Thèse de doctorat
Résumé : In this thesis, I apply the sophisticated tools made available by the econometrics of panel data and treatment models to a range of different issues. In the first Chapter, an ECM model is used to test on the existence of financing constraints in firms’ investment and R&D, taken a proxy for the efficiency of market institutions and governance rules in different countries. In the second chapter we test an agency model linking pay-performance contracts of CEOS to the financial situation of a firm by using a UK panel data. In the third chapter I use a sophisticated treatment model to evaluate the effectiveness of Italian public subsidies to R&D. Finally, in the fourth chapter I try to evaluate the efficiency of Italian regional systems of public healthcare by controlling for socio-economic factors and quality of healthcare in a composite model using panel data estimation and efficient frontier techniques.

The first Chapter analyzes the investment behavior of a sample of R&D intensive firms which are quoted on the stock market from USA, UK and Japan for the period 1990-1998. By using an error correction model we test the elasticity of investment and R&D to cash flow in these countries to see by which measure different market institutions and corporate governance rules affects the cost of external financing. Contrary to previous studies, we find significant differences in the sensitivity to cash flow of the two types of investment, with R&D expenditure being much less sensitive than ordinary investment. This is not surprising given the more long-term nature of R&D expenditures. For what concerns the comparison between the different systems/countries, the USA stock markets confirms as the most efficient market providing outside financing at a much lower cost compared to other markets, especially for young, smaller firms.

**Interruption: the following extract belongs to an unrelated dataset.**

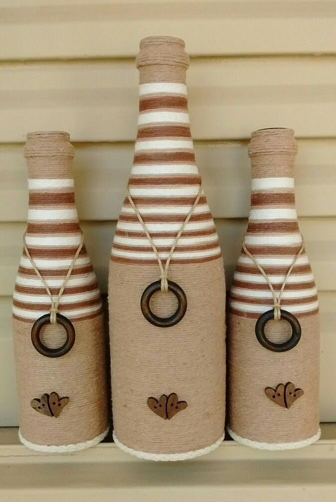 تتميز زجاجات التزيين مع خيوط أيضًا بالخصائص العامة للعمل ، وكذلك عند تزيينها بالحبال والخيوط.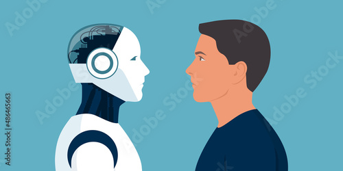 The robot collaborates with a team of people wheel bringing business people team to success. A man leads a team of humans and artificial intelligence aboard a boat. Vector illustration

The second Chapter is a joint work with Biagio Speciale. It uses the data on a panel of quoted UK firms over the period 1995–2002 to study the effects of financial leverage on managerial compensation. The change in the investors’ expectations that caused the recent collapse of the stock market tech bubble is a perfect example of natural experiment that has been used as a source of plausibly exogenous variation in the firm’s debt. The estimates show that pay-for-performance sensitivity is increasing in financial leverage, with the exception of the 10% most levered firms, giving rise at the end to a non-linear (inverted U-shape) relationship between the two variables. The chapter includes also a theoretical model accounting for this relationship where an higher leverage increases both the expected returns and the expected variance of investment returns: the first effect (determining increased pay-performance sensitivity) prevails for low leverage values and the second effect (determining decreased pay-performance sensitivity) prevails for high leverage values.

The third Chapter undertakes an empirical estimation of the additionality of public funding on both the propensity to initiate R&D activity and the intensity of R&D spending of Italian enterprises for the period 1998-2000, using data from the Third Community Innovation Survey and from firms' financial accounts. The chosen methodology (Endogenous Switching Type II-Tobit) takes into account the possibility that decisions about both starting an R&D activity (sample selection effect) and applying for/obtaining public funding (essential heterogeneity) are influenced by private knowledge of enterprises' idiosyncratic propensities in R&D spending. The present analysis shows that both these effects are indeed important and that they contribute to explain most of the additionality found with less sophisticated models.

The fourth Chapter investigates the underlying causes of variability of public health expenditure per capita (SSPC henceforth) between Italian regions. A fixed-effect panel data estimate on the SSPC (for the period 1997-2006) is used in the first part of the paper to account for regional differences in terms of physical, demographic, socio-economic characteristics and in terms of other variables that affect demand and supply of health services. In the second part, we take the ‘adjusted’ SSPC and proceed to estimate an "efficient production function" of the quality of health services through Data Envelopment Analysis. This procedure allows us to separate the share of expenditure used for the improvement of the quality from the one that can be traced only to an inefficient use of financial resources. A comparison of regional SSPC after factoring out the socio-economic factors and the quality of healthcare shows that big differences still remain and are even exacerbated, signalling big pockets of inefficiency and correspondingly a huge potential for cost savings. Finally, a preliminary analysis shows a positive correlation between the efficiency of regional public spending in healthcare and the level of social capital.